Let’s for the sake of argument say there was a number system that could satisfy this equation. We’ll denote them as “z” numbers and they’ll work similar to imaginary numbers. So z, 2z, 3z, etc. Such that z = 1/0. And then 2z = 2/0 and so on. So then from this numbering system obviously z + z = 2z. Does 1/0 + 1/0 = 2/0? Or more generally does az + bz have a unique solution of the form x/0 where a and b are some random factors of z?

So does az + bz = x/0?
-> (a+b)z = x/0
-> 0*(a+b)z = x

Again we run into the problem where a+b can be any value to make x = 0 or x cannot be non-zero to satisfy this equation.

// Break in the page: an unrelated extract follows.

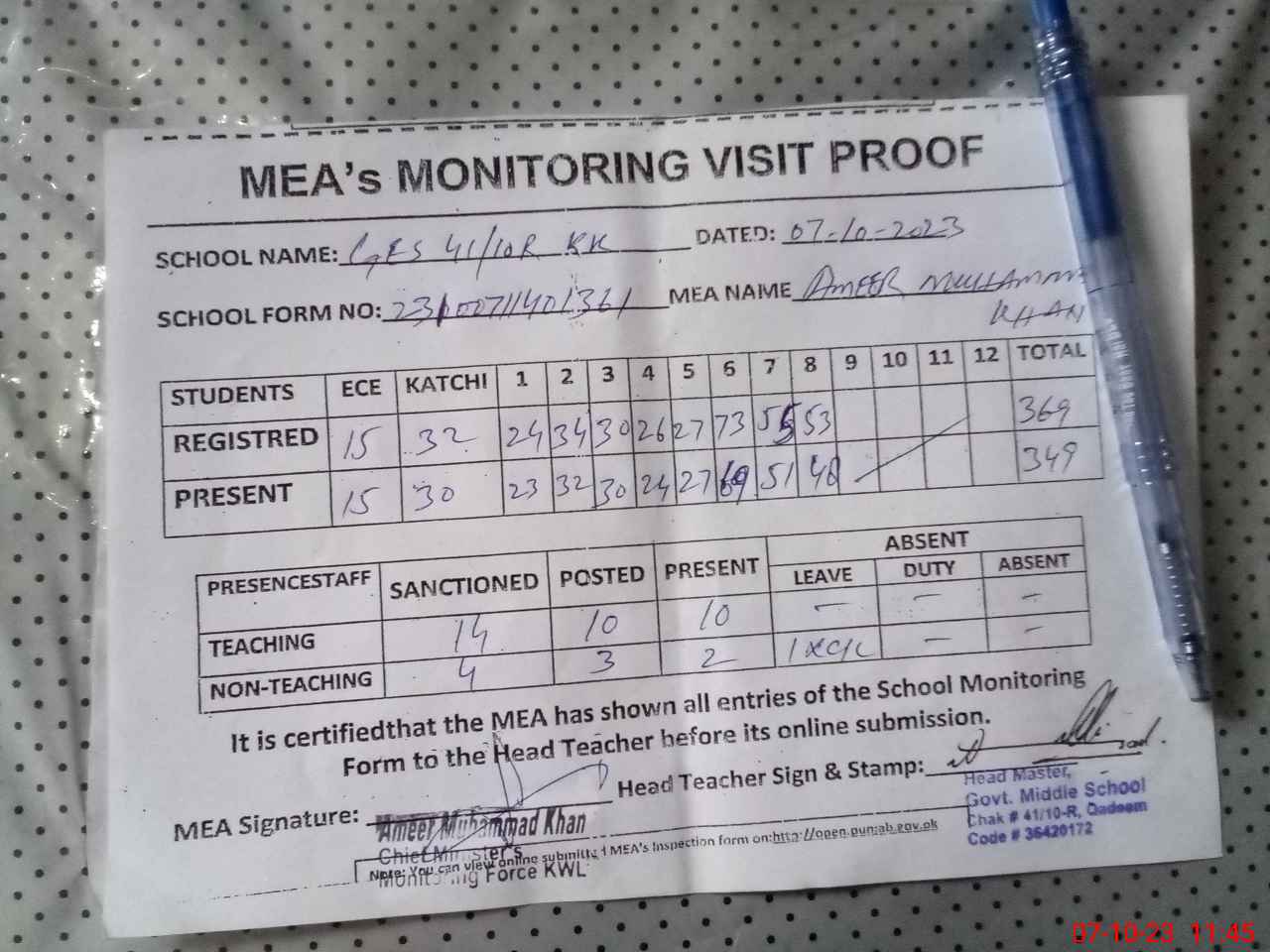 | Certified that this School was Inspected by the Undersigned MEA/DMO Today and the Information Stated Above is as Per Record. | |||||

Thus there exists no number Mz (where M is any number non-zero number) where Mz = M/0. So the same logic makes this whole idea of a number system such as this fall apart.

For a physical example imagine you have 100 marbles and you want to evenly distribute them among zero people. How do you do that? If I have 2 people I give 50 each, if I have one person, I give 100, if I have 0 people, …. What about if I wanted to divide these 100 marbles amongst an unknown x amount of people in groups of 0 per person (100/x = 0 -> 100/0 = x)? Well if each person has 0 marbles, then I could have any number of people to satisfy this equation which there is no unique solution for.

Let me show you a cool algebra trick

Let’s start with:. a = b

Now let’s add a to both sides

2a = a + b

Now subtract 2b from both sides

2a – 2b = a – b

Factor the left side

2(a – b) = a – b

Now finally divide by (a-b)

2 = 1

Seems like a strange result! I was able to get this result because I was sneaky and I divided by 0 in the last step. If a = b, then (a-b) is 0. When you divide by 0, strange things happen. Once you prove 2 = 1, you can really just prove that anything = anything else. To avoid that, we say you can’t divide by 0.

But what’s stopping us from dividing by 0 and making up our own rules about how it works? Well nothing really. You can make up your own math if you’d like. But your biggest challenge for that made up math is going to be how you make sure that 2 and 1 are separate numbers. Cuz I say they’re equal if you can divide by 0.